2nd/ Lieut. Wm. Thomson, 4th Seaforths, who received his discharge in February last consequent on wounds received in action, belongs to St. Boswells, Roxburghshire, where, at Alma Cottage, he is meantime resident with his people, but expects soon to go to London. Lt. Thomson joined what may now be called “the old” 2/4th Seaforths at Bedford on 23rd December, 1915, and went out as a private to the parent battalion just after its strenuous conflict at Neuve Chapelle in March, 1915. He was one of the earliest batches of men to come home for commissioned rank.

On 12th July, 1915, he returned to France, and on 12th October in the same year, along with other two officers, he was wounded by shell fire. Indeed so serious were his wounds – the base of the skull was fractured – that grave anxiety was felt as to his chances of pulling through. He was brought home, and remained unconscious till visited at the Empire Hospital, London, by his sister in December. Twelve months after being wounded – in October last year – he reported to Ripon, and was posted to his earliest unit somewhere on the coast on the second anniversary of his joining up. In Februray, 1917, he received his discharge, and regrets greatly his inability to be once more with the boys.
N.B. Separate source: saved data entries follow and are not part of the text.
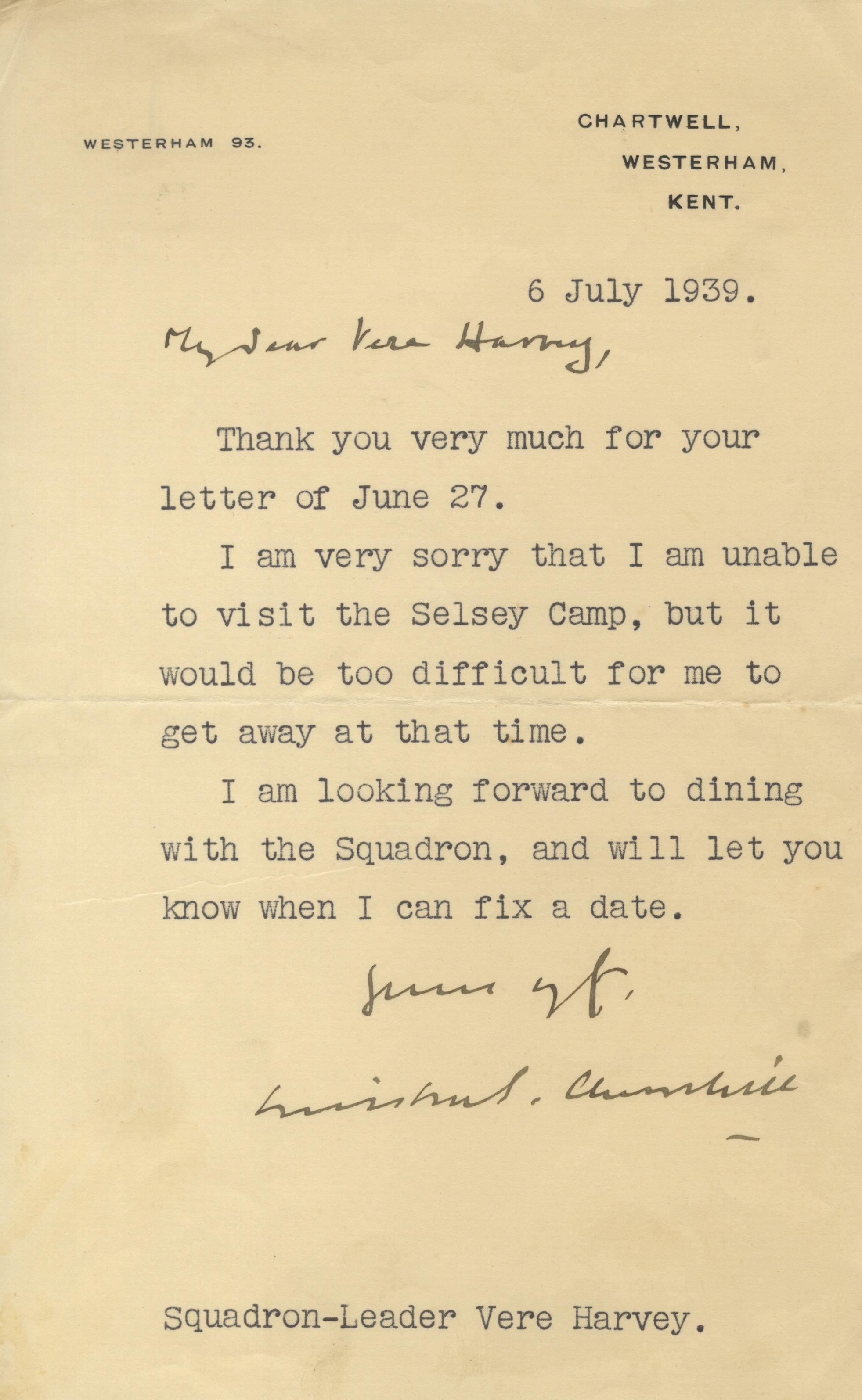 Lettre signéeLettre signée « Winston Churchill » adressée à Vere Harvey. 6 juillet 1939, 1 page in-8° sur papier à en-tête de son domicile à Chartwell ...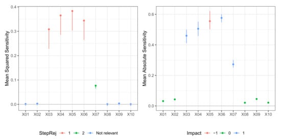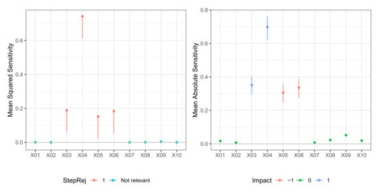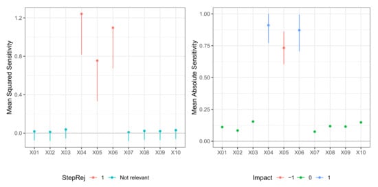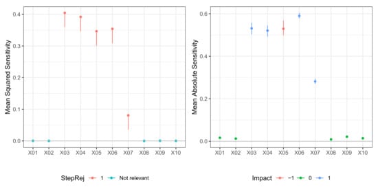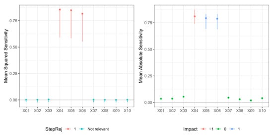In Table 5, we report the result of the -FWE testing procedure with and for a dataset generated from Model M3 (Friedman). Here, the number of neurons in the hidden layer was again not known, so both hidden layer size and weight decay were selected via 10-fold cross-validation. In this case, the test procedure could correctly identify the true relevant variables set for both and , but it required two steps for . A plot of the sequential -FWE testing procedure is reported in the left panels of Figure 5 and Figure 6. In Table 6, we report the values of mean sensitivity and mean absolute sensitivity, and the limits of the bootstrap confidence intervals with nominal level . Again, confidence intervals are only reported for the relevant variables and depicted in the right panels of Figure 5 and Figure 6. There was some cancellation effect on the mean sensitivity measures with values of the statistic very close to zero. However, both mean absolute sensitivity and mean squared sensitivity correctly identified the relevant variables. In any case, in different datasets, the sign of those metrics very close to zero does not deliver unambiguous information.
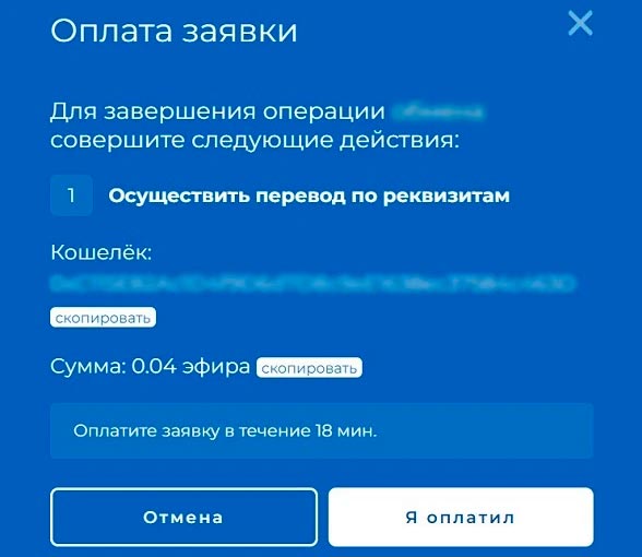 - Оплатить заявку по Ethereum реквизитам из загрузившегося окна в течение 18 минут. Если не успеть, обменный запрос будет закрыт.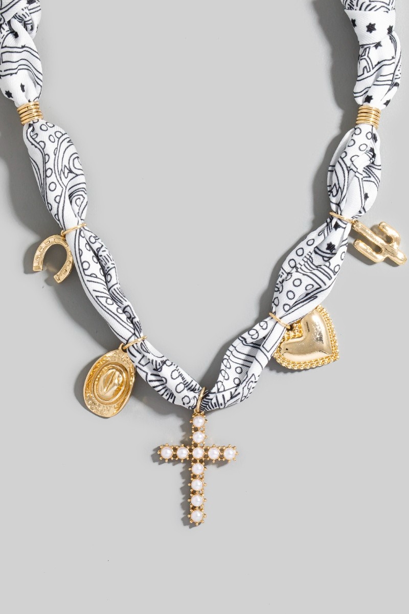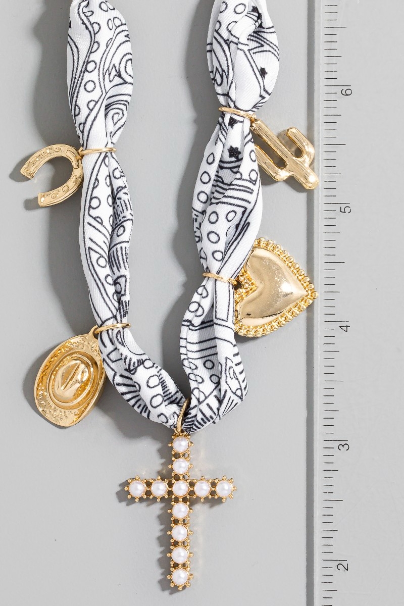 • This necklace showcases a unique western heart and pearl cross charms bandana style. Embark on a journey of sartorial refinement as this necklace effortlessly complements your fashion sense.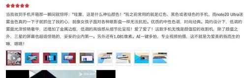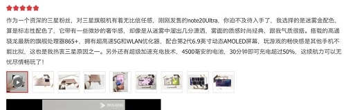 最近有很多网友在入手了三星GalaxyNote20系列手机后发表使用感受:“哇塞,这是什么神仙颜色!迷雾金真的一下子就抓住了我的心”、“配合第2代6.9英寸动态AMOLED屏幕,三星Note20 Ultra玩游戏的畅快感是其他手机不能比拟的”、“ 非常漂亮,镜头突出偏多。后盖玻璃手感非常棒”、“不管是手机的颜值,还是性能和功能设计,三星Galaxy Note20系列都做到了有调性而不落俗套”,而在这些认可背后,是三星多年来持续不断的创新。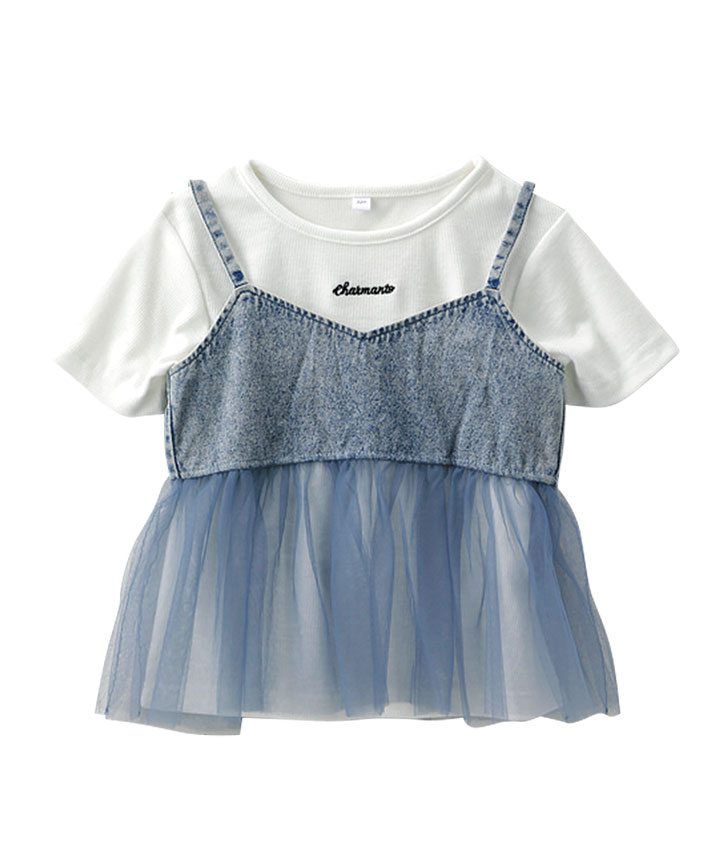 ・裾の透け感がかわいいデニムビスチェのアンサンブルです。
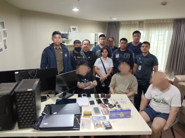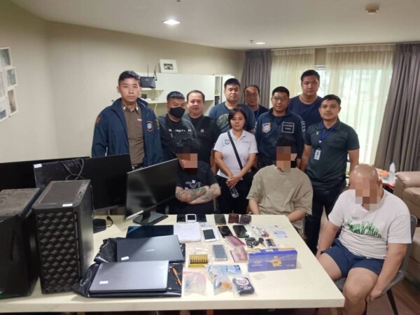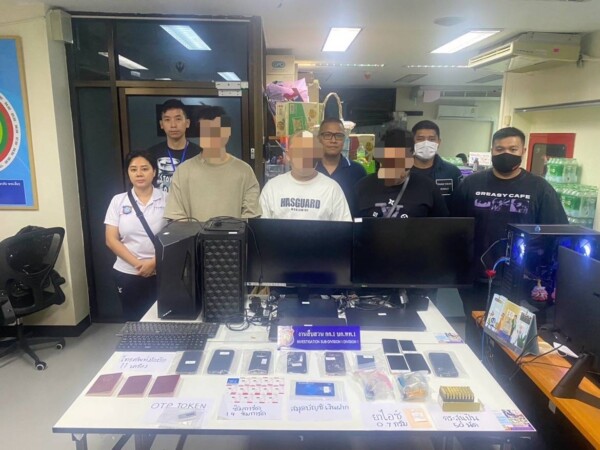 วันนี้ (4 ก.พ.) พล.ต.ท.ศักดิ์ศิรา เผือกอ่ำ ผบช.ทท. พร้อมด้วย พล.ต.ต.นรเศรษฐ์ สุวรรณนิกขะ ผบก.ทท.1 พ.ต.อ.ปิยรัช สุภารัตน์ รอง ผบก.ทท.1 พ.ต.อ.กรฤวิศวร์ ทองศรีวาณิช ผกก.1 บก.ทท.1 และ พ.ต.ท.นิมิตร จรรยาลักษณ์ สว.กก.1 บก.ทท.1 นำกำลังฝ่ายสืบสวน กก.1 บก.ทท.1 จับกุมตัว Mr.Wenchong อายุ 41 ปี Mr.Pengcheng อายุ 24 ปี และ Mr.Pohong อายุ 31 ปี ทั้ง 3 รายเป็นผู้ต้องหาสัญชาติจีน พร้อมของกลาง เครื่องคอมพิวเตอร์ จำนวน 5 เครื่อง โทรศัพท์มือถือ 11 เครื่อง ซิมการ์ดโทรศัพท์ 14 ซิม เครื่องสร้างรหัส OTP TOKEN 1 เครื่อง ยาไอซ์ 0.7 กรัม และ เครื่องกระสุนปืน ขนาด 9 มม.อีก 50 นัด โดยจับกุมตัวได้ที่ห้องพักในคอนโดมิเนียมหรู ย่านห้วยขวาง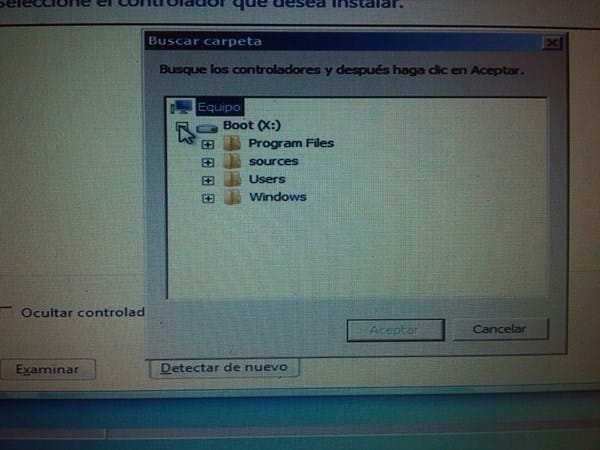 Y cuando intento meter un driver desde un dispositivo cualquiera, no lo reconoce, solo el Boot (X:) que genera el instalador de windows, no importa que archivos o drivers meta en el pendrive, el instalador no detecta el USB "fisico" ni ningún archivo que haya metido en cualquiera de las carpetas de éste.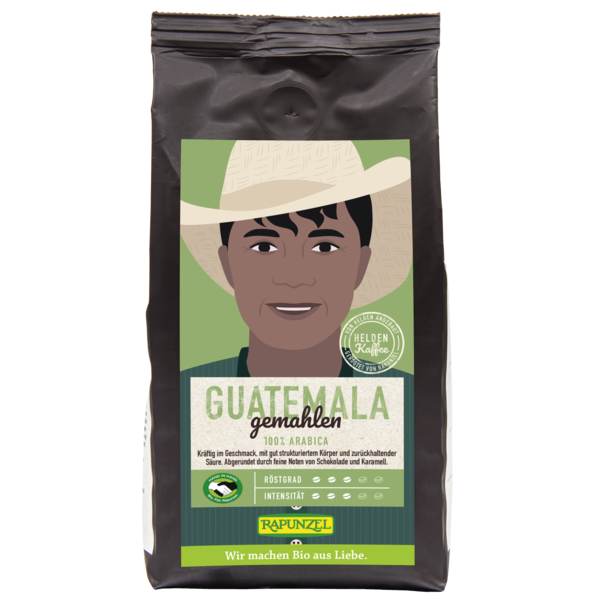 HERO COFFEE from Guatemala 100% Arabica A strong flavour with a well-structured body and restrained acidity. Rounded off with fine notes of chocolate and caramel. Our hero coffee was named hero coffee because it is produced by real heroes. Our heroes are the coffee farmers who create flourishing biodiversity om their farms. The cultivation of coffee in mixed culture and underneath shade trees results in stable and biodiverse ecosystems and an extraordinary high quality of coffee beans. The farmers' intense care of the coffee bushes, their thorough manual labor and their careful selection of the beans creates the finest organic and 100 % fair-trade coffee enjoyment - grown by real coffee heroes.

He sends to all his kindliest greetings and best wishes for their good luck.

Photo: #6653

Veryard A W, Pte, Essex Seaforths

Private A. W. Veryard

Date of Paper: 12.11.1915
Surname: Veryard
First Name(s): A. W.
Rank: Private
Regiment: 1/4th Seaforths
Home Address: 26, Percy Road, Leytonstone, Essex

Private A. W. Veryard, 1/4th Seaforths, wounded on 25th May, 1915, died of wounds 26th May, 1915. He was a son of Mr Veryard, 26 Percy Road, Leytonstone, Essex, and was a clerk at Somerset House. He joined the 4th Seaforths on 5th September, 1914, and went to France with the Battalion in November. He was in the firing line early in December, and went through the battle of Neuve Chapelle. He spent his 20th birthday in the trenches.